» Dataset content:
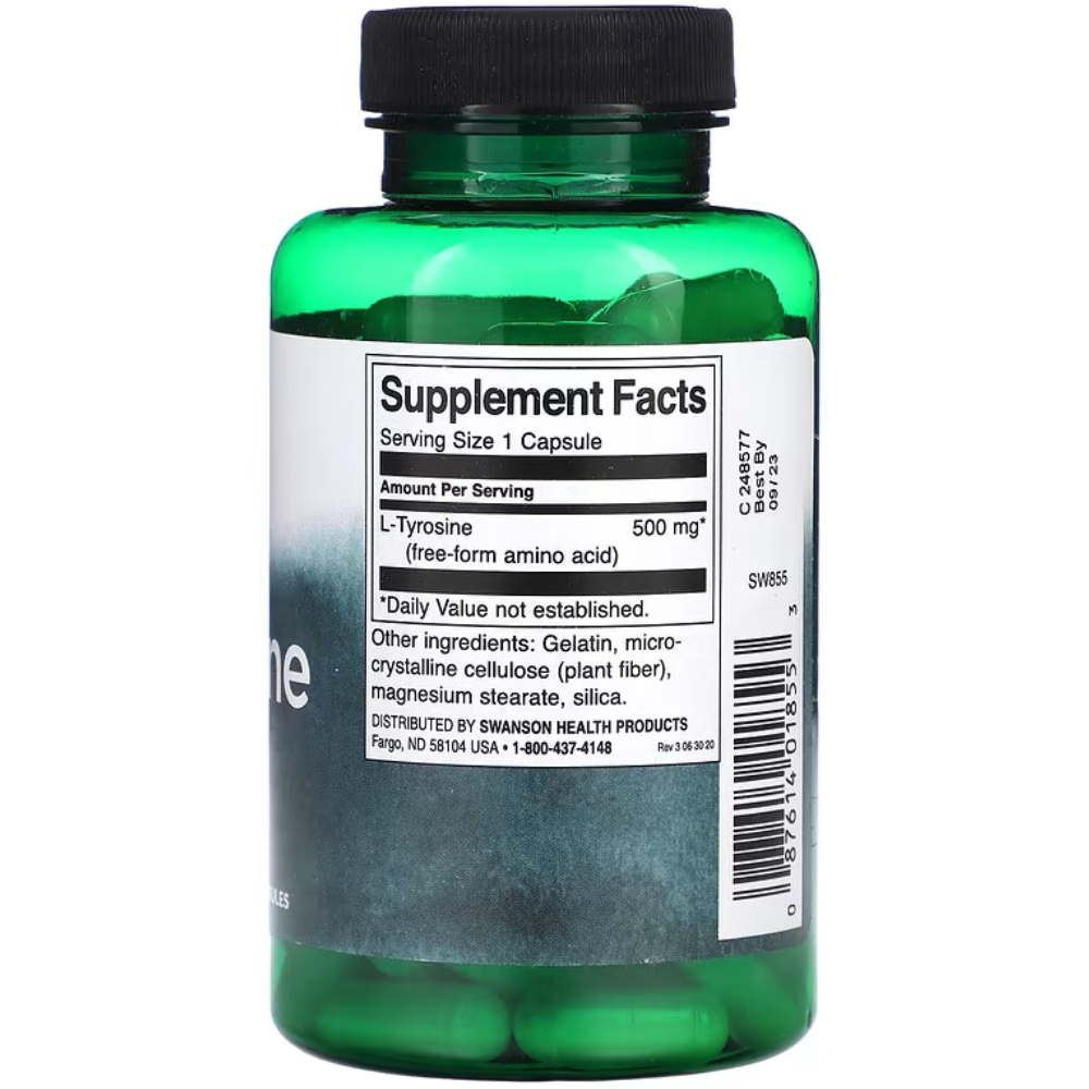 Swanson L-Tyrosine to suplement diety zawierający 500 mg L-tyrozyny w każdej kapsułce. L-Tyrozyna jest aminokwasem, który odgrywa kluczową rolę w produkcji neuroprzekaźników, wspierając zdrowie układu nerwowego i funkcje poznawcze.Korzyści stosowania Swanson L-Tyrosine:
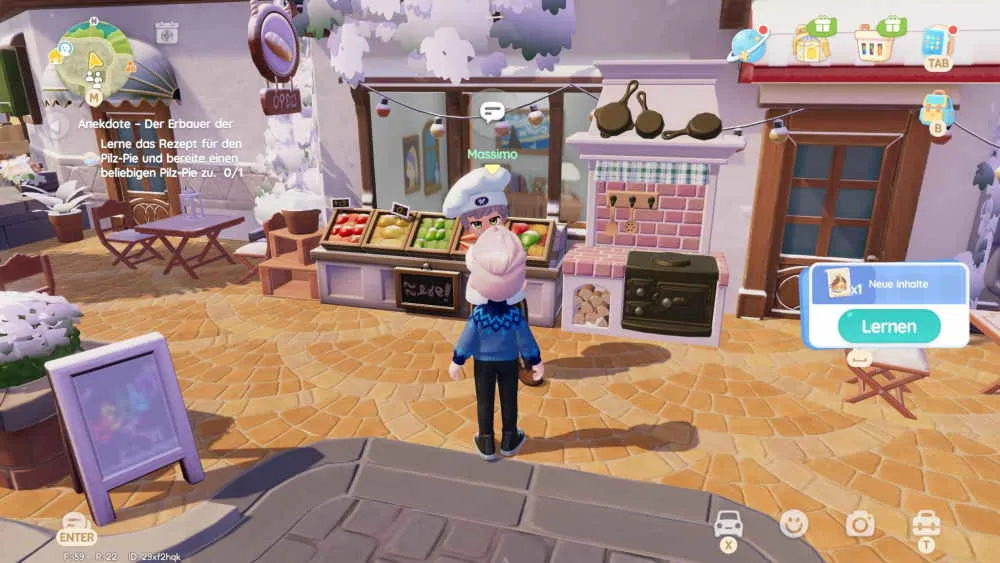 Den Pilz-Pie musst du im Rahmen der Anekdote „Der Erbauer der Pilzsammlung“ von Massimo zubereiten. Im Vorfeld geht es für dich in den Wald auf die Suche nach Pilzen. Mit dem Pilzen im Gepäck geht es dann zurück zu Massimo und du erhältst das Pilz-Pie Rezept. Damit das Rezept freigeschaltet und die dafür erforderlichen Zutaten in dem Katalog angezeigt werden, musst du es über das Inventar erlernen. Das Rezept hast du automatisch von Massimo bekommen, nachdem du ihm die Pilze überreicht hast. Damit geht es dann an den Herd und du kannst den Pilz-Pie zubereiten.
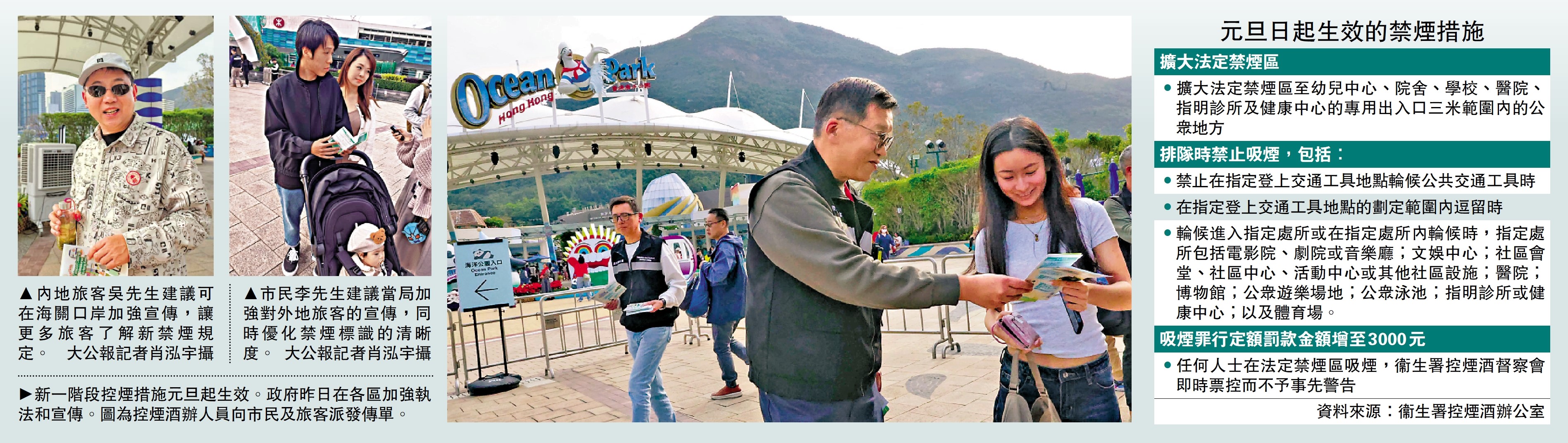 衞生署新一階段控煙措施元旦起生效,包括擴大法定禁煙區至幼兒中心、院舍、學校、醫院等專用出入口三米範圍內的公眾地方、定額罰款金額倍增至3000元等。有市民讚賞禁煙新規,認為相關措施可減少隨處吸煙的現象,保障市民健康;有旅客建議在海關口岸加強宣傳,讓更多旅客了解相關規定。

» What is needed:
Each line above has to be returned exactly. Drop the pictures.

» Result:
 Swanson L-Tyrosine to suplement diety zawierający 500 mg L-tyrozyny w każdej kapsułce. L-Tyrozyna jest aminokwasem, który odgrywa kluczową rolę w produkcji neuroprzekaźników, wspierając zdrowie układu nerwowego i funkcje poznawcze.Korzyści stosowania Swanson L-Tyrosine:
 Den Pilz-Pie musst du im Rahmen der Anekdote „Der Erbauer der Pilzsammlung“ von Massimo zubereiten. Im Vorfeld geht es für dich in den Wald auf die Suche nach Pilzen. Mit dem Pilzen im Gepäck geht es dann zurück zu Massimo und du erhältst das Pilz-Pie Rezept. Damit das Rezept freigeschaltet und die dafür erforderlichen Zutaten in dem Katalog angezeigt werden, musst du es über das Inventar erlernen. Das Rezept hast du automatisch von Massimo bekommen, nachdem du ihm die Pilze überreicht hast. Damit geht es dann an den Herd und du kannst den Pilz-Pie zubereiten.
 衞生署新一階段控煙措施元旦起生效,包括擴大法定禁煙區至幼兒中心、院舍、學校、醫院等專用出入口三米範圍內的公眾地方、定額罰款金額倍增至3000元等。有市民讚賞禁煙新規,認為相關措施可減少隨處吸煙的現象,保障市民健康;有旅客建議在海關口岸加強宣傳,讓更多旅客了解相關規定。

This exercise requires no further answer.